1 pound pork tenderloin
1/3 cup flour
1/2 tsp. salt
1/4 tsp. pepper
3 Tbs. butter
3 green onions, sliced, white and green parts
separated
separated
1/3 cup dry white wine
1 cup whipping cream
1/4 cup Dijon mustard
Preparation:
Cut tenderloin crosswise into 1/2 inch thick pieces. Pound between sheets of waxed paper to a thickness of 1/4 inch. Combine flour, salt and pepper in shallow dish. Melt 1 tablespoon butter in large, heavy skillet over medium-high heat. Dredge pork in seasoned flour, shaking off excess. Add 1/3 of pork to skillet and sauté until brown and cooked through, about 2 minutes per side. Transfer to platter and keep warm. Repeat with remaining pork in 2 or more batches, adding 1 tablespoon of butter in skillet for each batch.
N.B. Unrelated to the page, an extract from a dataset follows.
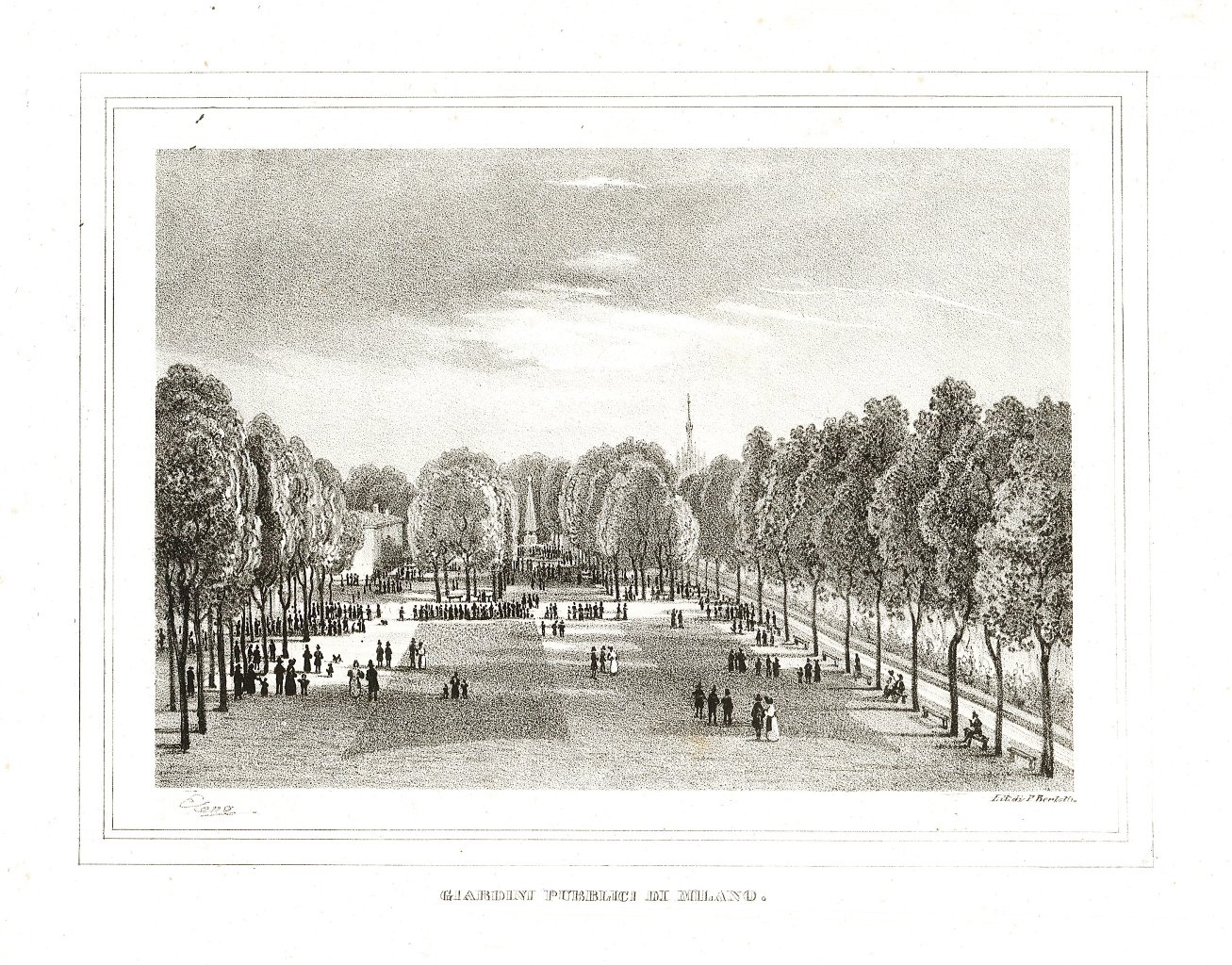 Stampa antica ed originale dei Giardini Pubblici in Milano animati da cittadini a passeggio

Add white parts of green onions to skillet. Sauté until just tender, about 1 minute. Stir in white wine and boil until liquid is reduced to 2 tablespoons, about 3 minutes. Add whipping cream and simmer until thickened, about 5 minutes. Whisk in Dijon mustard. Season with salt and pepper.
Serving Suggestion:
Spoon sauce over pork and garnish with remaining green onions. Serve hot.